Borreliosis, or relapsing fever, is a disease provoked by bacteria of the genus Borrelia. Two of these are encountered in tropical Africa: Borrelia crocidurae in the Sahara and Sahel, Borrelia duttoni in East Africa.
This infection causes recurrent fevers over a long period that can lead to severe meningoencephalitis and sometimes death. The human vector of Borrelia crocidurae in West Africa is the tick Ornithodoros sonrai, which lives in burrows of small wild rodents and is therefore in close contact with them. This disease was considered rare up to the end of the 1980s when a team of IRD researchers showed that in a rural area of the Dakar region tick-borne relapsing fever was the second most frequent reason for patients’ consultation at the local dispensary.
Since 1990, the IRD launched a comprehensive research programme on this disease, first in Senegal, then in the whole of West Africa. In Senegal, the investigation showed that the tick had colonized savannah and that the disease’s expansion was closely linked with the decrease in average rainfall since the long drought began in 1970. The advance of borreliosis prompted the research team to extend their epidemiological research and study the long-term trends, by 14 years of measurement of the infection’s incidence in a rural Senegalese community which was the subject of continuous demographic and health monitoring programme run jointly by the IRD, the Pasteur Institute and the University of Dakar.
The study was conducted from 1990 to 2003 on people in Dielmo, a village in the savannah in the Sine-Saloum region of Senegal, in order to determine the frequency and describe the clinical manifestations of malaria, tick-borne relapsing fever and other fevers not linked to these two diseases. The research team lived permanently in the village so that they could visit each inhabitant daily.
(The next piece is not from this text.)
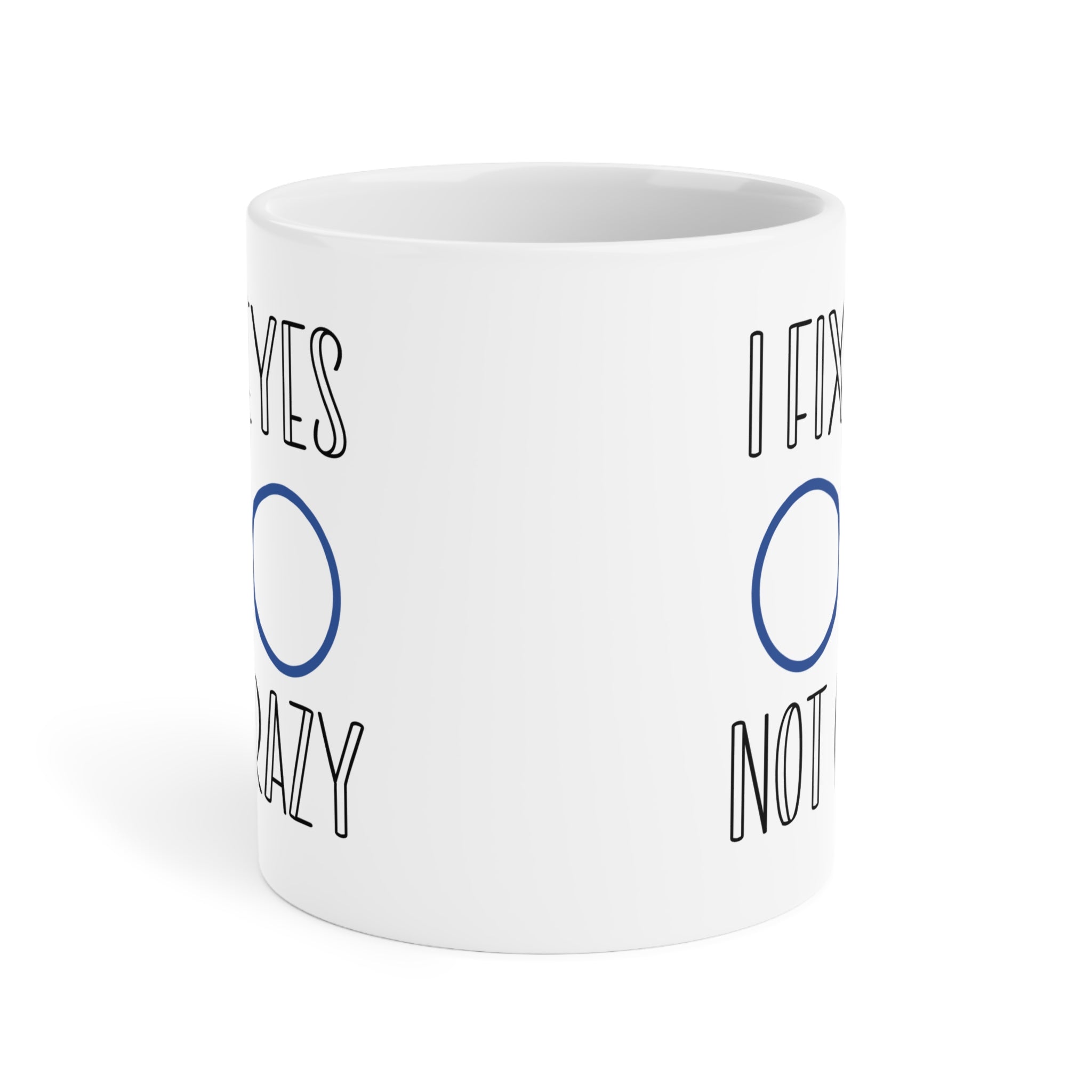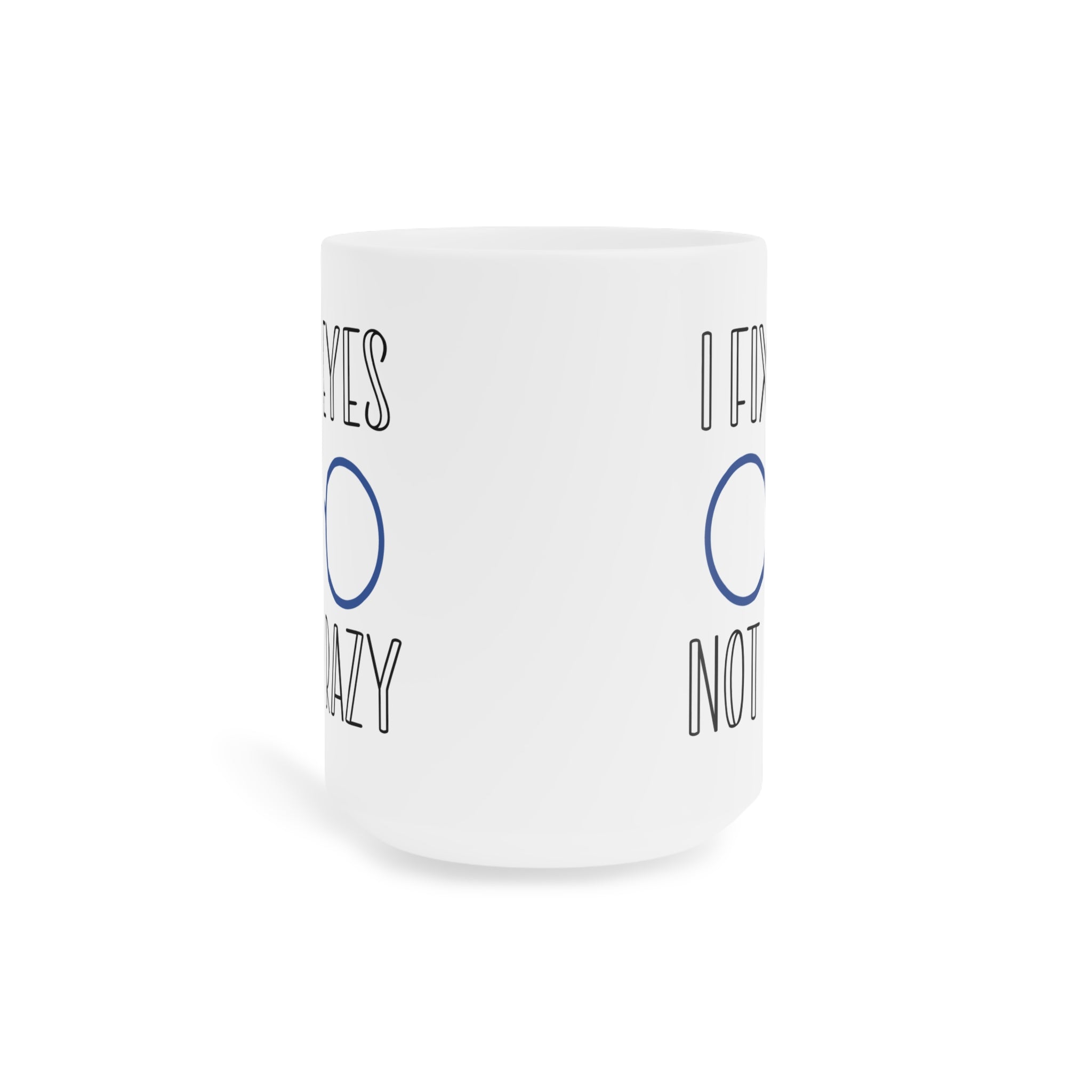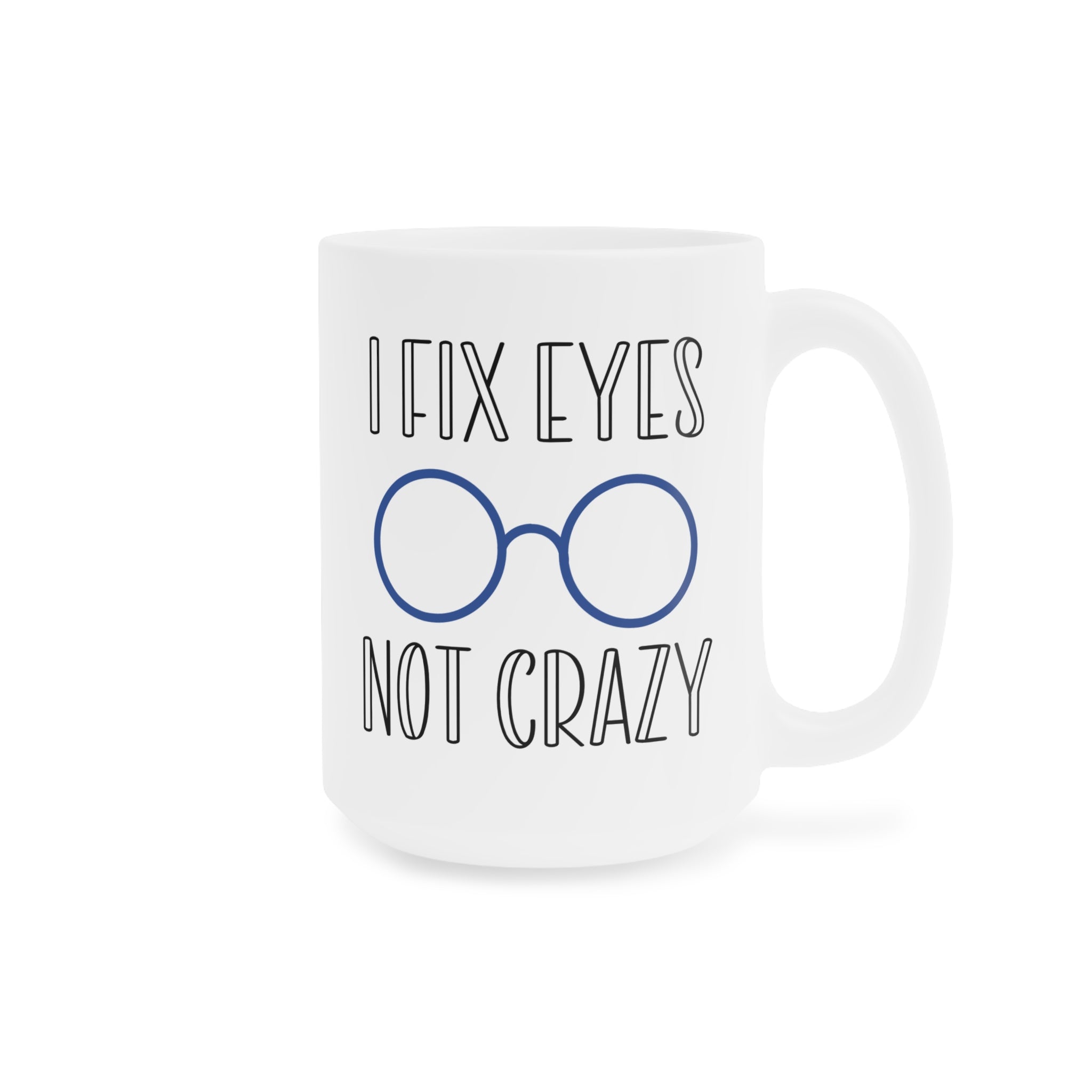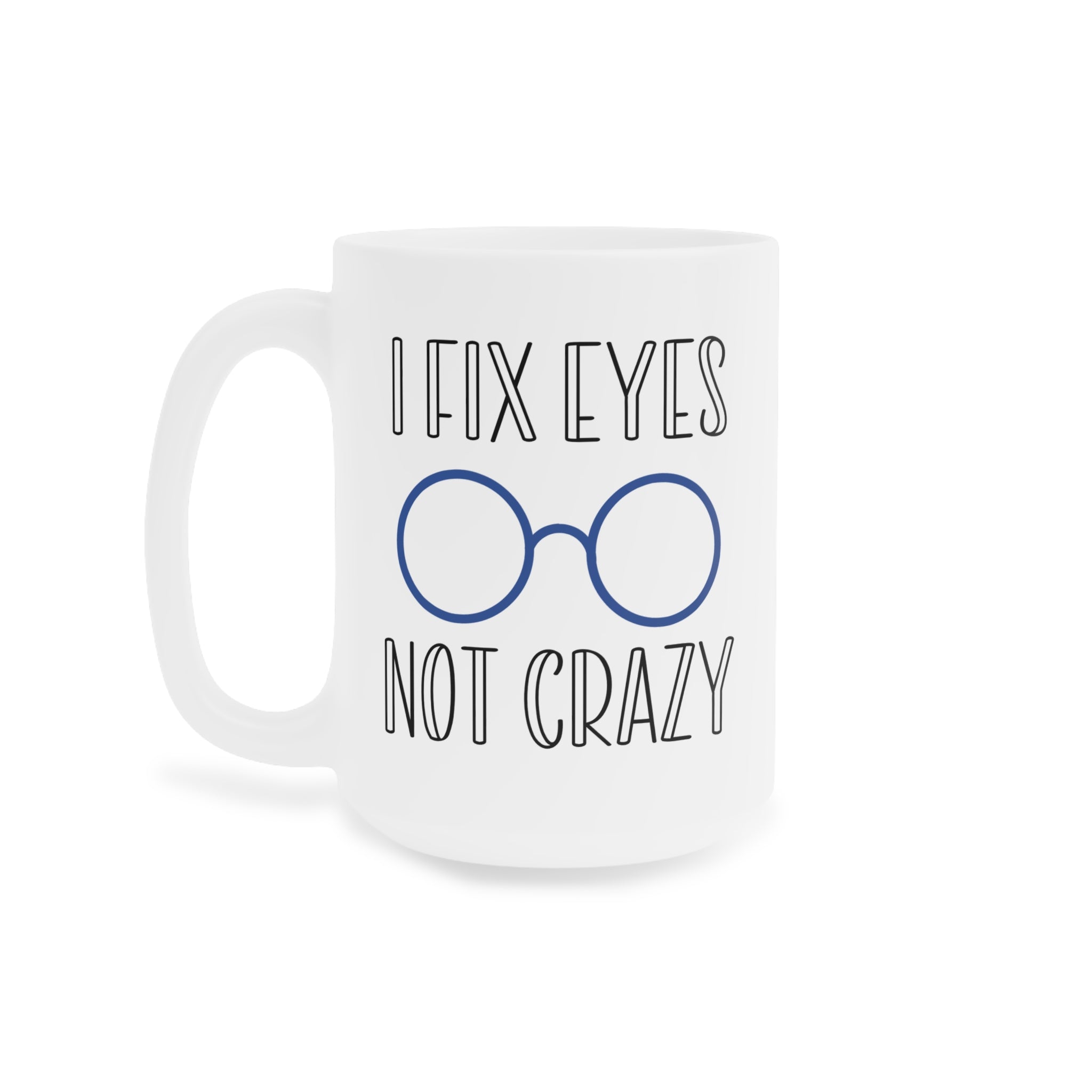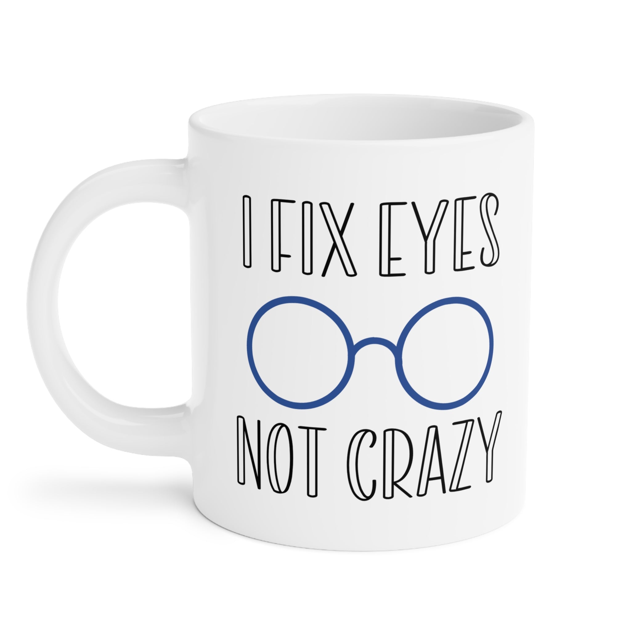 This personalized coffee mug adds some Eye Care mojo to your morning joe. Choose among our 11oz, 15oz, or 20oz sizes – all come with a scratch-resistant finish and are ideal for any beverage. The easy-grip handle makes for a smooth drinking experience, while the durable white ceramic body is the perfect canvas for this quote and art. .: Material: durable white ceramic .: Available in three sizes: 11oz (0.33 l), 15oz (0.44 l) and 20oz (0.6l) .: C-shaped easy-grip handle .: Scratch-resistant finish

Medical examinations and biological tests were systematically carried where someone had a fever or other symptoms that might signal the disease. The presence of Borrelia crocidurae was also tested in people without symptoms at least once a year. All rodent burrows near houses and inner yards of concession were counted and recorded. They were searched for ticks and the latter’s infection rate by the bacterium determined. Rodents and insectivores were captured in order to study the bacterial reservoir.
Over the period of study as a whole, an average 11 % of the population suffered from borreliosis each year, an exceptional incidence rate for a disease, whatever its cause. Only malaria, among the parasitic diseases and in any case to a lesser degree, and influenza, among viral diseases, are known to produce a comparable incidence level over such a long period. Tick-borne relapsing fever is the second cause of illness after malaria. All age groups were affected by it in the population studied.